6 New Songs You Need to Hear Now: 11/2/18 | Revolver

6 New Songs You Need to Hear Now: 11/2/18

Boy Harsher, Slipknot, City Hunter and more
boy harsher 2018 PRESS, Samantha Casolari
Boy Harsher, 2018
photograph by Samantha Casolari

Here at Revolver, we're always on the hunt for new songs to bang our heads to — indeed, it's a big part of our jobs. With that in mind, here are the tracks released this week in metal, hard rock and hardcore that have been on heavy rotation at Revolver HQ. For your listening pleasure, we've also compiled the songs in a Spotify playlist, which will grow each week.

Boy Harsher - "Face the Fire"
Through echoes of gelid detachment and nearly subconscious whispers, darkwave duo Boy Harsher have molded an air of extreme coolness without eschewing the emotional intensity that gurgles right below the surface of their minimalist sound. All the right pieces in all the right places, the aqueous filtered notes fall lithely into place in perfect ordered meter. Sexual undertones of yearning and desperate fulfillment populate the atmosphere between lines, supplementing the quiet electronic austerity with a space for listeners to derive their own impression and experience, a cornerstone of Boy Harsher's signature draw.

Slipknot - "All Out Life"
Twenty years into their career and still out-pacing nearly every band in the metal game, Slipknot have returned with yet another raucous nu banger that's already racked up nearly six million views on YouTube and basically took over heavy-music journalism's news cycle for 48 or so hours. Corey Taylor's lyrical criticism of modern culture's hype-machine craving for constant new stimuli drives the song through its shifting paces, bringing to mind classic 'Knot but taking captivating digressions into black metal–esque squall and beyond. Concluding with a chant-along cry of "We are not your kind!," the song both whets the taste buds for the Nine's next full-length (promised for 2019) and re-confirms that Slipknot are indeed in a league of their own.

City Hunter - "Beyond Recognition"
What makes a band "hardcore"? In an age of groups like Title Fight coming out of the scene but not necessarily reiterating the sound, it's hard to know what the term means anymore. City Hunter does little to clarify that definition on their debut full-length Deep Blood, blurring the line as they do between the black-metal aesthetic of Beherit and gnarly pummel of hardcore stalwarts Negative Approach on cuts like standout "Beyond Recognition." Regardless of how you classify it, though, this shit is evil.

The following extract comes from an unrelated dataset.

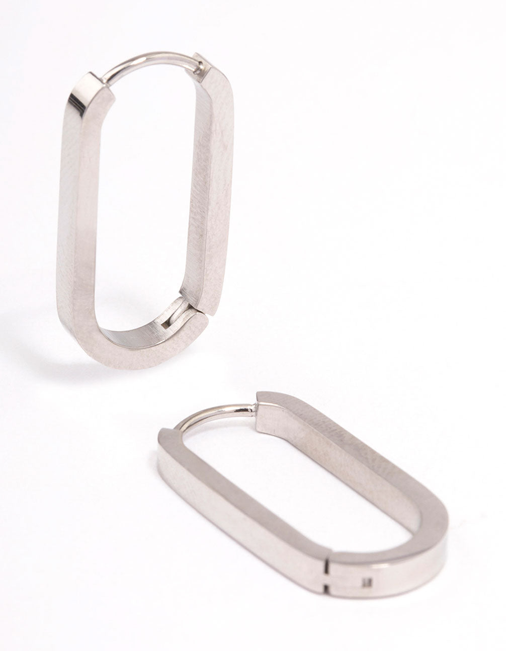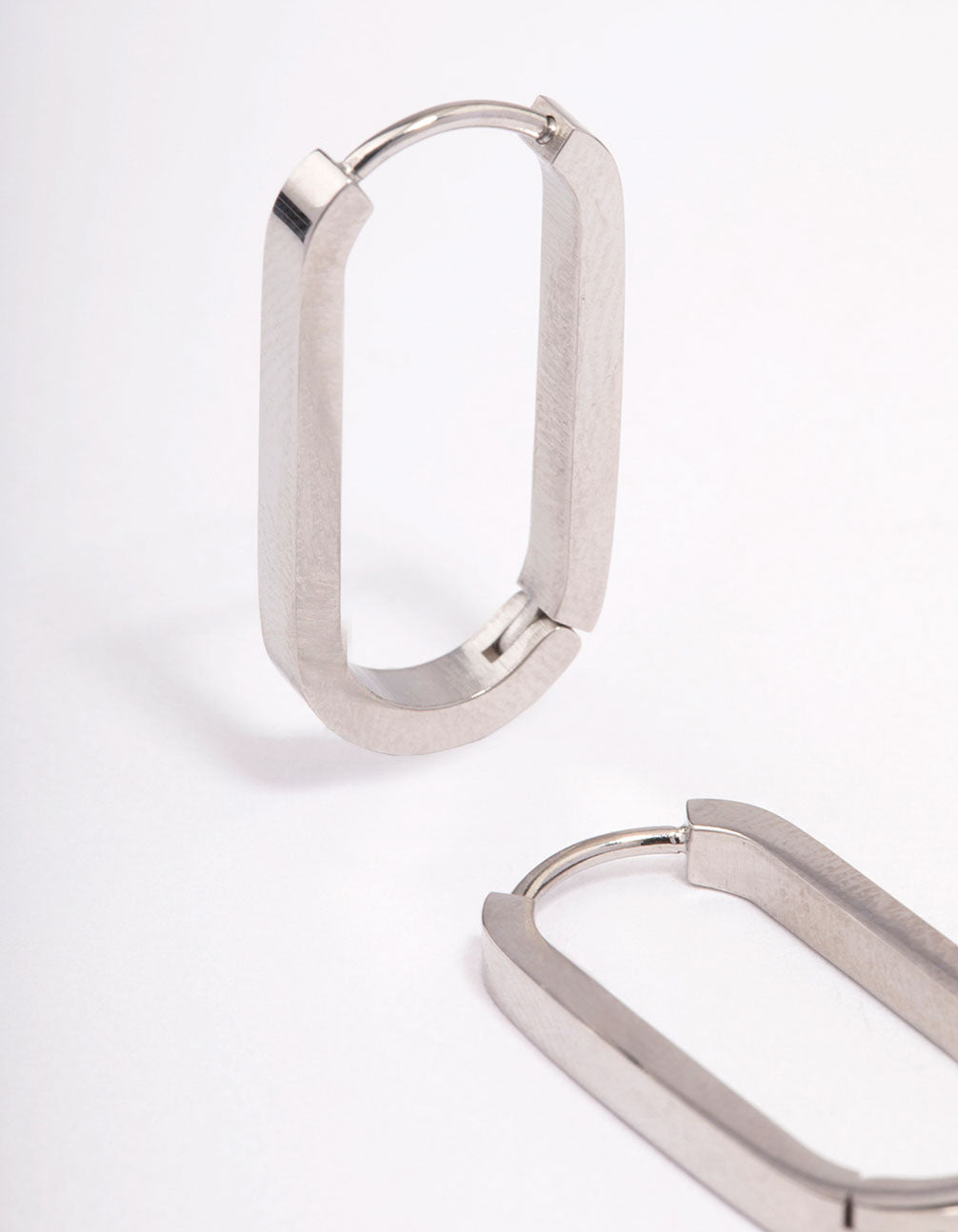 These surgical steel huggie earrings feature a modern, rectangular design for a refined finish to your stack.
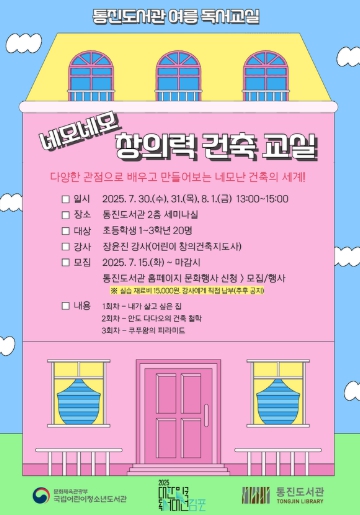 통진도서관은 이번 여름 독서교실에서 관내 초등학교 1~3학년을 대상으로 어린이 창의건축지도사와 함께 기초 건축 이론부터 세계의 유명한 랜드마크를 통해 건축물의 역사까지 다양한 관점으로 건축을 배울 수 있는 기회를 제공한다.

Old Wounds - "To Kill For"
Gothy New Jersey hardcore crew Old Wounds paved the way for Glow — the forthcoming return LP for OG vocalist Kevin Iavaroni — with lead single "Give a Name to Your Pain," a bruiser typical of the group's sound to this point. The band's latest offering, "To Kill For," represents a stylistic shift toward melodic rock territory, more latter-day AFI than old-school Hatebreed. But the song still hits hard, with Iavaroni unleashing his ferocious scream and lyrical venom when needed: "We are so self destructive/Give me everything/I will take it all/And then give me more/I am yours and I will kill." Fucking get ready and get your glitter.

Chamber - "Final Shape"
It's a pretty excellent time to be a fan of metallic hardcore, and with their new two-song offering, Chamber put their name in the running to be listed among the genre's rising stars. On "Final Shape," the Nashville crew reference some of the best, from Norma Jean's early material to the more nutso material Botch put out. The song constantly twists and turns, leading mosh calls into breakdowns with unexpected instrumental deviations.

Melvins - "In the Flesh?"
The Melvins have made their name on doing whatever the fuck they want, including putting their own weird spin on music by artists ranging from Merle Haggard to the Ramones. Now they've taken a crack at the Pink Floyd's The Wall opener "In The Flesh?" King Buzzo and Co.'s take on the song is unsurprisingly sludgier and scuzzier, as they gleefully drag the iconic classic-rock number out of the cathedral and into the parking lot.